◆ RECORDS FOR THIS EXERCISE:
* * * * * * *

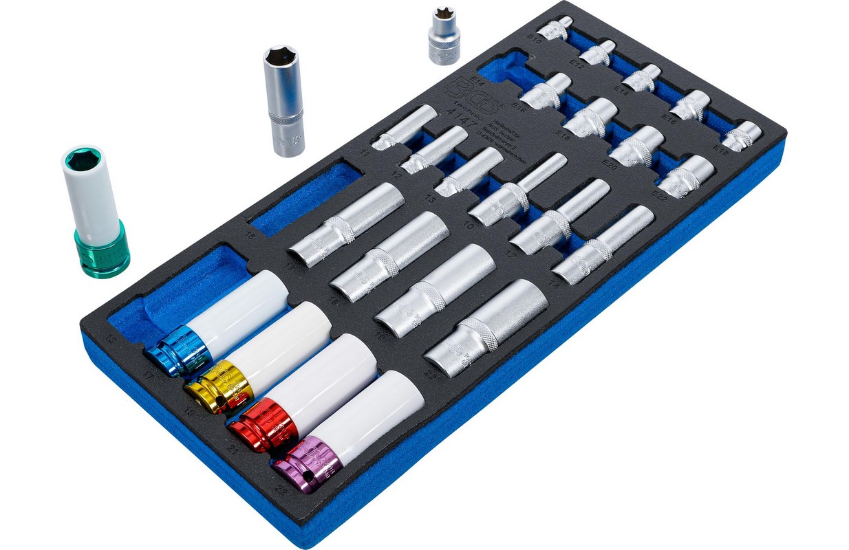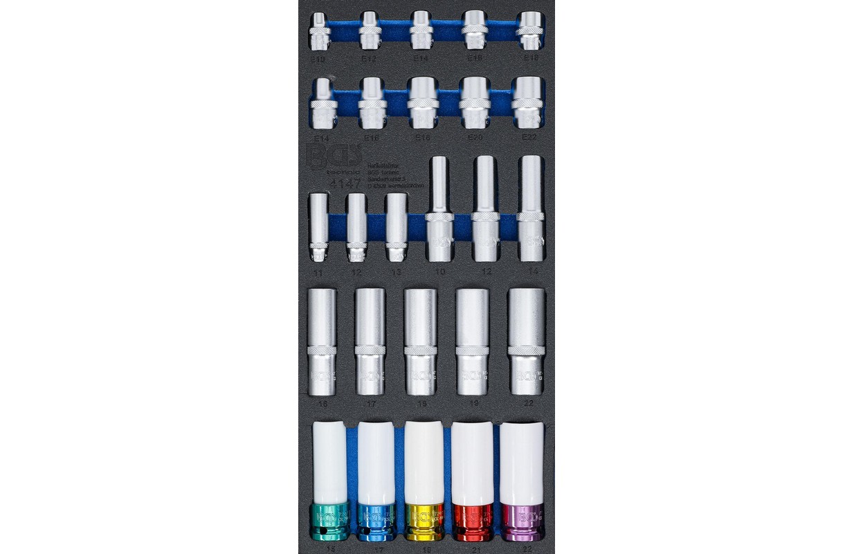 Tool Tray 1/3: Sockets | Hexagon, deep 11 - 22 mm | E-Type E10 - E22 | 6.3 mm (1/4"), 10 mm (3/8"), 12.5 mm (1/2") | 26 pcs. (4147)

* * * * * * *

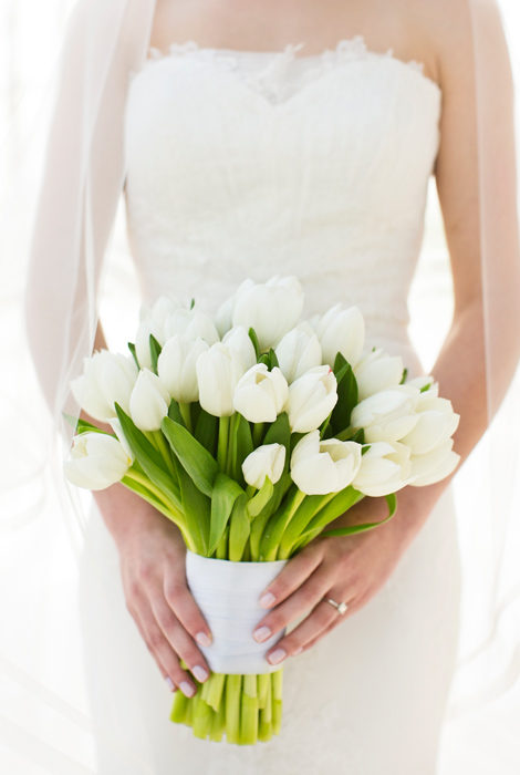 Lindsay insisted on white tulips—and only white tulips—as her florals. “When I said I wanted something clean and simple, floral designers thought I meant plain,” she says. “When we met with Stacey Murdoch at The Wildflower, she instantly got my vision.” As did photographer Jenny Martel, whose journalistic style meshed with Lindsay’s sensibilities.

* * * * * * *

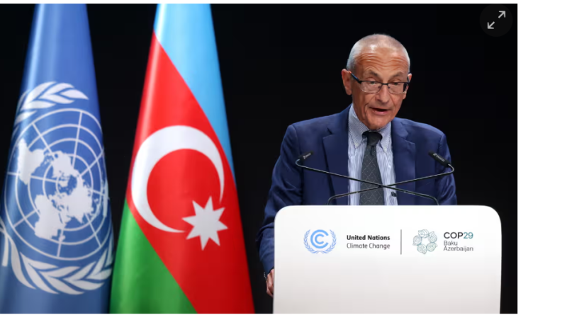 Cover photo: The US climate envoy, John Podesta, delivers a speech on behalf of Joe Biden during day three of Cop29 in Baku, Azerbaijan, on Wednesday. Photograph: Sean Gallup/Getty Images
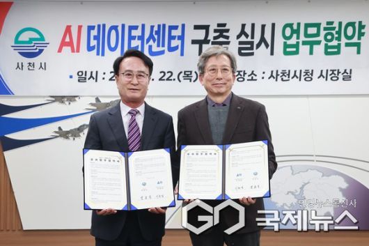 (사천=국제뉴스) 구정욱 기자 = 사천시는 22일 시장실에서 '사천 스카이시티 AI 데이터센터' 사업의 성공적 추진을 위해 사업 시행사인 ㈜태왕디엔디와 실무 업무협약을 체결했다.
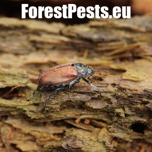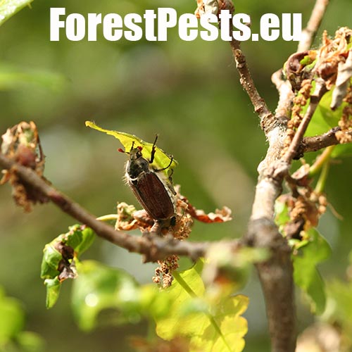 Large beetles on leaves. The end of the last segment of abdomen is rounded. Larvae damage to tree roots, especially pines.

* * * * * * *

◆ WHAT THIS TASK INVOLVES: Taking the entries above, extract every line from the one bearing "Cover photo: The" through the one bearing "Large beetles on", exactly, with no pictures.

◆ RESPONSE:
 Cover photo: The US climate envoy, John Podesta, delivers a speech on behalf of Joe Biden during day three of Cop29 in Baku, Azerbaijan, on Wednesday. Photograph: Sean Gallup/Getty Images
 (사천=국제뉴스) 구정욱 기자 = 사천시는 22일 시장실에서 '사천 스카이시티 AI 데이터센터' 사업의 성공적 추진을 위해 사업 시행사인 ㈜태왕디엔디와 실무 업무협약을 체결했다.
 Large beetles on leaves. The end of the last segment of abdomen is rounded. Larvae damage to tree roots, especially pines.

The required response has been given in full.